Why Jinnah assumed and gave such an over arching role to the ceremonial position of governor-general is open to speculation. One reason might be that even though Pakistan in 1947 did have a constituent assembly, it did not have any sense of political institutionalism. Therefore, Jinnah might have felt a need to arrogate more powers to the office of governor-general to create the political institutions of Pakistan along the lines of the British parliamentary tradition of politics based on constitutionalism and rule of law.]

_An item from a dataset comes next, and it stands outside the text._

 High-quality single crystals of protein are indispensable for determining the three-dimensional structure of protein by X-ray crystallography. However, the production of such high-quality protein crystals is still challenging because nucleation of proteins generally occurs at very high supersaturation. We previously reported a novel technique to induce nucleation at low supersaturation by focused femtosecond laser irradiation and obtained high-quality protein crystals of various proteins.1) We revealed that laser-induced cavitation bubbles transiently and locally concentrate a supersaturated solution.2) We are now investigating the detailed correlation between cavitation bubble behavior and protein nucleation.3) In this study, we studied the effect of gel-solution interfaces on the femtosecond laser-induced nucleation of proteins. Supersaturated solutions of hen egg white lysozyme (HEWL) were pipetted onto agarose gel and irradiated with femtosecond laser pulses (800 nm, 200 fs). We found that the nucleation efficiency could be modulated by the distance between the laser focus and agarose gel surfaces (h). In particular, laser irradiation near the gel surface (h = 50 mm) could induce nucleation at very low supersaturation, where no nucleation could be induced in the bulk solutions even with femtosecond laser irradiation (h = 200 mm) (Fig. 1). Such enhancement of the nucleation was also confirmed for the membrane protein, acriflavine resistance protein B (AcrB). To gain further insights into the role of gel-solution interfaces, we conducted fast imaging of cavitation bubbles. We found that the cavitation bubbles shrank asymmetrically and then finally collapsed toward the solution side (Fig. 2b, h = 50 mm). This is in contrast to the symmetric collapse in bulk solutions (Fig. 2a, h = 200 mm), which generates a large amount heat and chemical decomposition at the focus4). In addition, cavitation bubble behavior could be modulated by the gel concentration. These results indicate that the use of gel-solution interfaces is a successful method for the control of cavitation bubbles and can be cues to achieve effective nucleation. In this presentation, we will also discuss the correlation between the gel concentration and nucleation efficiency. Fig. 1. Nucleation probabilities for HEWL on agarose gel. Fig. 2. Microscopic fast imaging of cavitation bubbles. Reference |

Excuse me for piping up but I think this is a fallacious argument. There were functioning legislative assemblies in East Bengal, Sindh, Punjab and NWFP; executive power was with the Premieres (Chief Ministers) of these provinces with the governor having over-ride powers, exactly like what we had in the presidencies of Madras, Bombay and (West) Bengal or in the provinces of Orissa, Assam, Bihar, Central Provinces, Northern Provinces or East Punjab in India. All of these provinces had inherited the British-Indian Constitution of 1935 and if they could function in India with Nehru as the Prime Minister, I really can`t see why it couldn`t have functioned in Pakistan with Jinnah as the Prime Minister. I think Jinnah was loathe to permit himself to bow ceremonially before a governor-general and chose to become an executive governor-general. He could very well have accepted the offer of Mountbatten to be the joint governor-general of both dominions (in which case, he couldn`t have pulled off the shenanigans in Hyderabad, Kashmir and Junagadh but then Pakistanis wouldn`t be able to accuse Mountbatten of partisanship either).

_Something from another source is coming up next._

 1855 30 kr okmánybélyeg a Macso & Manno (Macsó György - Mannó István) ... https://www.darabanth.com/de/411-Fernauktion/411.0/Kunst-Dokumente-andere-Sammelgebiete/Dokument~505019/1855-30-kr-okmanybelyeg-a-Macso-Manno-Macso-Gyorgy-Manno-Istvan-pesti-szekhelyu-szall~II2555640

[The Government of India Act 1935, which was being used as Pakistan`s interim constitution, did give the governor-general the right to dismiss the parliament. Jinnah might not have opted for the position of the head of the government, that is of a prime minister, because he might not have wished his policies to be held hostage to a governor-general, with whom he might have developed political difference and chose the office of the governor-general to ensure that he held the ultimate power over the evolution of Pakistan`s political infrastructure.]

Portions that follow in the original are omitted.